# Dash Motor sports



## dtomol (Mar 30, 2005)

I just took a peak at Dash Motor sports web site here is the URL http://www.dash-motorsports.com/ go to the online store button select same, it is listing a New Tjet Chassis coming soon! That is very good news.


----------



## ScottD961 (Jan 31, 2008)

Wow thanks for the update ! Are they 1/32 scale or HO?


----------



## slotcarman12078 (Oct 3, 2008)

It doesn't say tracy, but if it's got separate magnets, wouldn't it be a tjet?? I've never seen a 1/32 chassis, so I don't know how they're built. I was soooo tired last night, I screwed up when I asked Tom about them. I meant to say 9 tooth, or 14 tooth gear!! The supply of NOS chassis' are dwindling, so I'm hoping it's a 9 tooth.. I also hope they don't have problems like the thunder+ chassis did!!


joe


----------



## ScottD961 (Jan 31, 2008)

LOL Yeah Slotter that was actually funny last night when you said that. I think you are right though it must be a t jet. I keep hearing those chassis are drying up to but I keep coming up with them on the bay . Just got three unused originals for 16.95 on the bay ! And another H/T guy on her has em for 10 or 11 bucks each ! PM me and I'll tell you who it is I think he may have wanted it to be a secret.


----------



## fordcowboy (Dec 27, 1999)

*chassis*

Are the new chassis going to be the same size as the jl chassis? Or the same size as the auroa? thanks for the help in adv fcb


----------



## slotcarman12078 (Oct 3, 2008)

It's a mystery at this point. Until Dan or Tom spill the beans we can only speculate. What would be cool is if they came up with a adjustable sliding front axle assembly with a matching fudge factor built into the pinlocater/front post screw hole. This will accomodate the difference in length between the two and make custom installs way easier.


----------



## roadrner (Jul 21, 1999)

Wish they had some pix.  rr


----------



## bobhch (Apr 22, 2007)

roadrner said:


> Wish they had some pix.  rr


Wish I was Rich....If I had a Million Dollars...If I had a Million Dollars...I'd be Rich....oh dang.


----------



## micyou03 (Apr 8, 2003)

Didn't you guys get the email?


----------



## tjd241 (Jan 25, 2004)

The one from Rich? nd


----------



## micyou03 (Apr 8, 2003)

The webste clearly says ita a T-jet also.

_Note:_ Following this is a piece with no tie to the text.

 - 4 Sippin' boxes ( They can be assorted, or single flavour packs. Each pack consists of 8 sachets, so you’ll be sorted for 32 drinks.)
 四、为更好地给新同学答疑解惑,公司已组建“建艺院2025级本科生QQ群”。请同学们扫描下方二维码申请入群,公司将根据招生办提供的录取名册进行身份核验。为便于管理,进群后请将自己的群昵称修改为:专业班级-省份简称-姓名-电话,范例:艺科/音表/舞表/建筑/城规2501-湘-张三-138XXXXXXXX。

http://www.dash-motorsports.com/shopping/page6.html

If I recall correctly the email said Aurora T-jet direct replacement. My emails are on my desktop, so can't check it now.


----------



## micyou03 (Apr 8, 2003)

tjd241 said:


> The one from Rich? nd



From Dash Motor-Sports.


----------



## NTxSlotCars (May 27, 2008)

bobhch said:


> Wish I was Rich....If I had a Million Dollars...If I had a Million Dollars...I'd be Rich....oh dang.


Rich


----------



## resinmonger (Mar 5, 2008)

What's it like Rich? Everybody wants to be you. Bet they're after your TYCOs! :hat:


----------



## bobhch (Apr 22, 2007)

**Sung to Fiddler on the roof**



resinmonger said:


> What's it like Rich? Everybody wants to be you. Bet they're after your TYCOs! :hat:



I wish I was a rich man a - Tyco - do - be - do - be - dooooo...

and if I was a rich man I would race my Tycos a - do -be - do -be - doooo...

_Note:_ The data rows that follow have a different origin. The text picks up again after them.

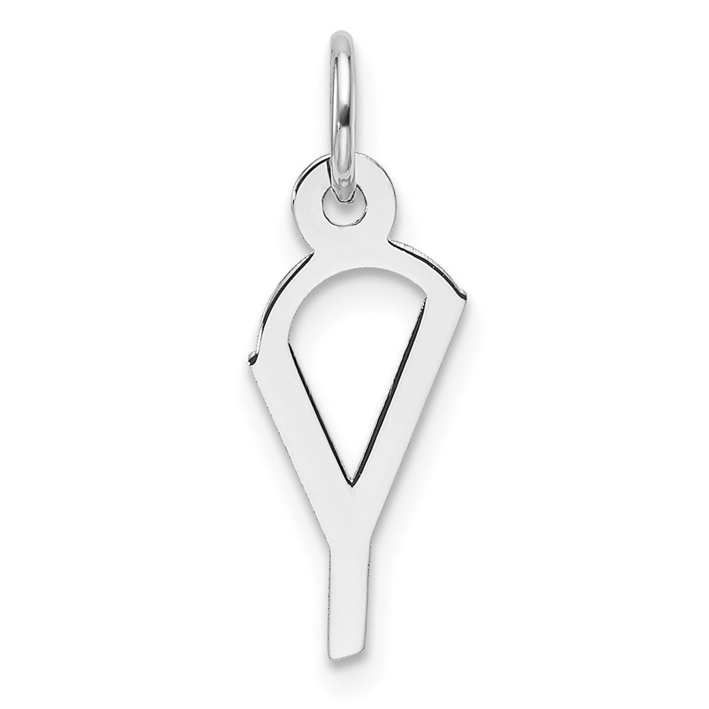 Material: Primary - Purity:14K|Finish:Polished|Length of Item:20.8 mm|Plating:Rhodium|Charm/Element Length:17 mm|Charm/Element Thickness:0.3 mm|Charm/Element Width:7.5 mm|Feature:Personalized|Material: Primary:Gold|Thickness:0.3 mm|Width of Item:7.5 mm|Engravable:Not Recommended|Product Type:Jewelry|Jewelry Type:Pendants & Charms|Sold By Unit:Each|Pendant/Charm Type:Themed|Gender:Unisex|Profile Type:Flat Back|Bail Width:0.9 mm|Material: Primary - Color:White|Bail Length:5.8 mm|Feature 2:Solid|Plating Color:Silver Tone|Relative Size:Large|Letter:Y|Bail (Inside) Length:2.5|Bail (Inside) Width:2.5|Bail (Inside) Width U/M:mm|Bail (Inside) Length U/M:mm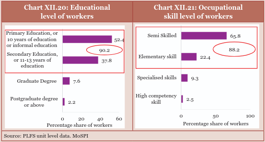 A detailed examination of the annual PLFS 2023-24 unit-level data has been conducted to understand India's skill and job landscape here. The PLFS data shows that 90.2 per cent of the workforce has equivalent to or less than a secondary level of education. This educational skill composition, as a result, leads to most of the workforce (88.2 per cent) being involved in low-competency occupations- elementary skilled and semi-skilled occupational skills.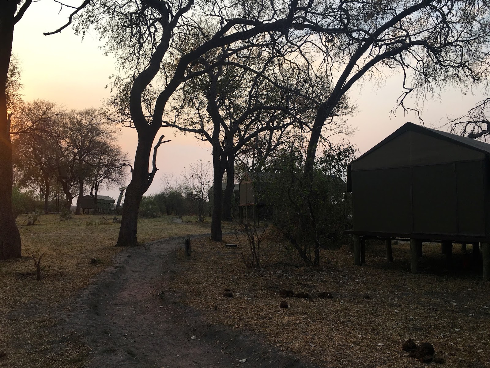 The first camp is the Nkasa Lupala tented camp. We drove 11 kilometers through very deep sand to get to it. This will probably be the most primitive camp that we will visit. Everything is run on solar power. Our tent was very hot during the day, and no fan.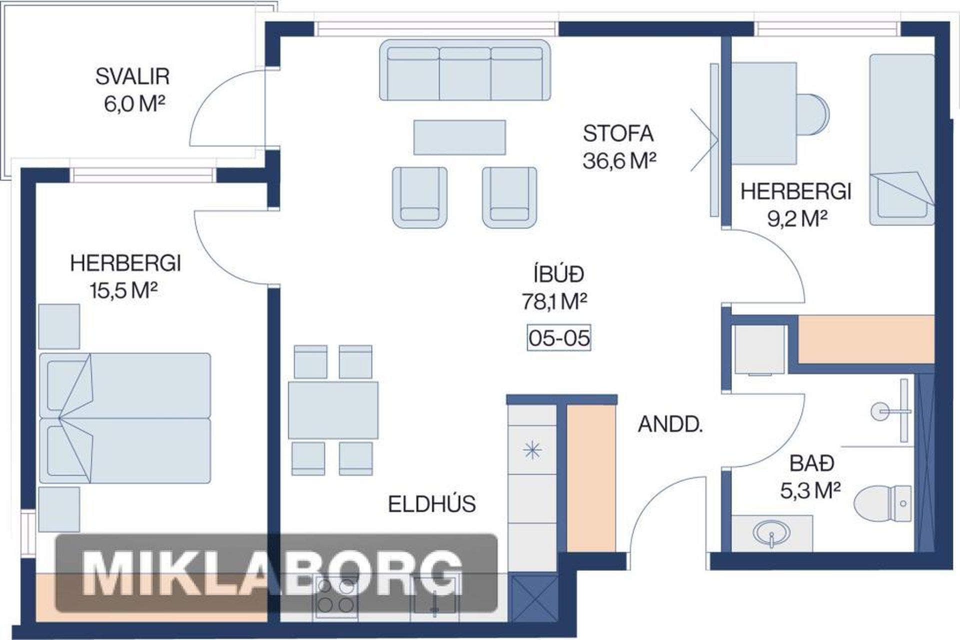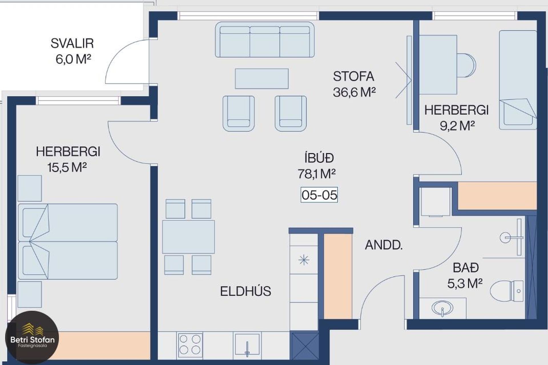 | 3 | 91,50 m² | 75.000.000 kr. 3. apríl 2026 | 78.900.000 kr. 14. maí 2025 |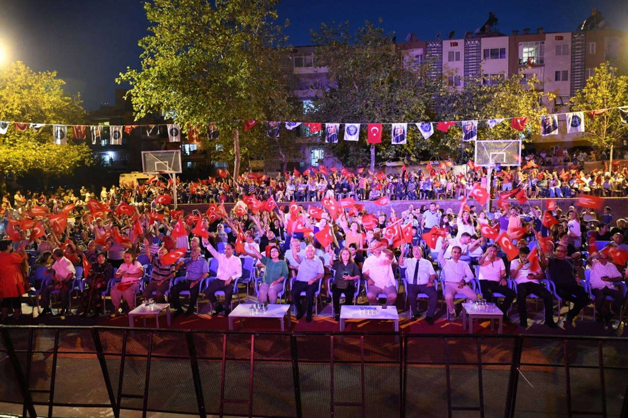 Karabağlar’da ise resmi tören sonrası Kazım Karabekir Mahallesi’ndeki Vali Nevzat Ayaz Parkı’nda Türk Halk Müziği sanatçısı Sümer Ezgü yurttaşlarla buluştu. Konser öncesi Karabağlar Belediyesi tarafından tüm izleyicilere Türk bayrakları dağıtıldı. Vatandaşlar ellerindeki bayraklarla alanı gelincik tarlasına çevirdiler ve Ezgü’nün seslendirdiği parçalara coşkuyla eşlik ettiler.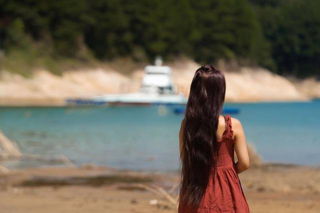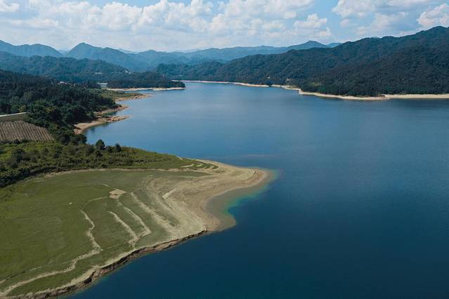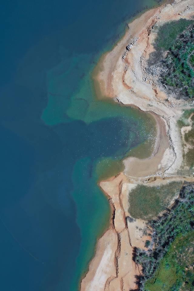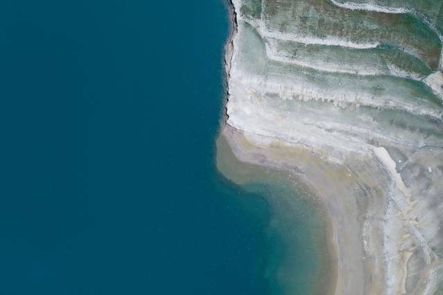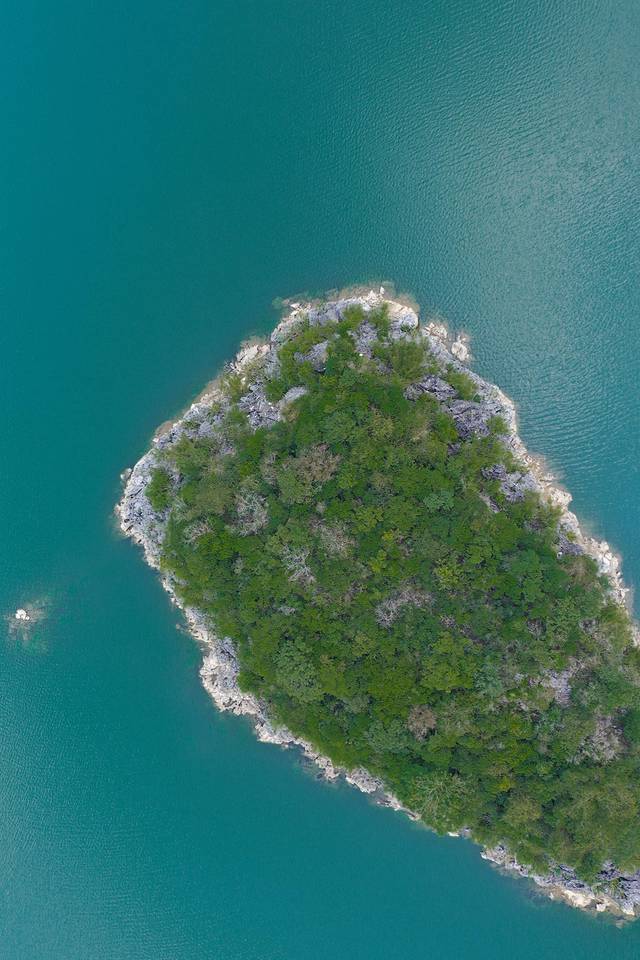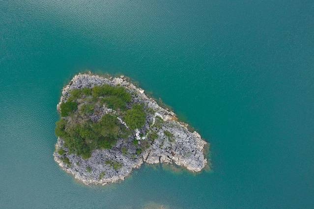 这里的水位很深,最深的地方有100多米,所以湖水呈现出海岛般的深蓝色。尤其是航拍视角下,旁边的泥土在太阳的反光下变得很浅,更呈现出沙滩的错觉。

All I want is a cup of tea...

Someone who will race Tycos with me...

Wouldn't it be Wonderful???

Ooooooooooooooooh wouldn't it be wonderful....:wave:

Bob...the rain in Spain stays mainly on the plane...zilla


----------



## bumpercar88 (Feb 6, 2005)

Bob's been painting w/o a mask again!


----------



## TomH (Jan 17, 2006)

Dash motorsports, if I remember correctly, is going to make a copy of the Aurora slimline chassis. Slimlines are not as plentyfull as the T-Jet. Dash was considering making a T-Jet copy, but I think he had so much input +/-, he switched to the less controversial slimline chassis. I wouldn't be surprised if a Tyco chassis was in the works.


----------



## NTxSlotCars (May 27, 2008)

BOY, OH, BOY!!!! I sure would like to see some Dash styled repops of old Tyco bodies, as well as some new stuff!!!!!!!!!!!

Rich


----------



## PumaT (Jul 17, 2008)

*Dash T-Jet Chassis -- gone?*

Did Dash give up on their T-Jet chassis? I noticed that there is no longer any mention of it on their Web Site.


----------



## HadaSlot (Oct 22, 2007)

I bought a couple recently from JAG Hobbies for 12.50 apiece. I talked to him on the phone and they are NOS with Hong Kong sticker. His shipping is not outrageous and they came within a few days even during the Christmas rush. I kinda wish I had kept them but they did make some cool presents.


----------



## 1scalevolvo (Feb 5, 2004)

As long as they are not like the MMT+. I already have a few of those repaired with either original Aurora Arm' or gearplate assembly w/arm'.

Neal :dude:


----------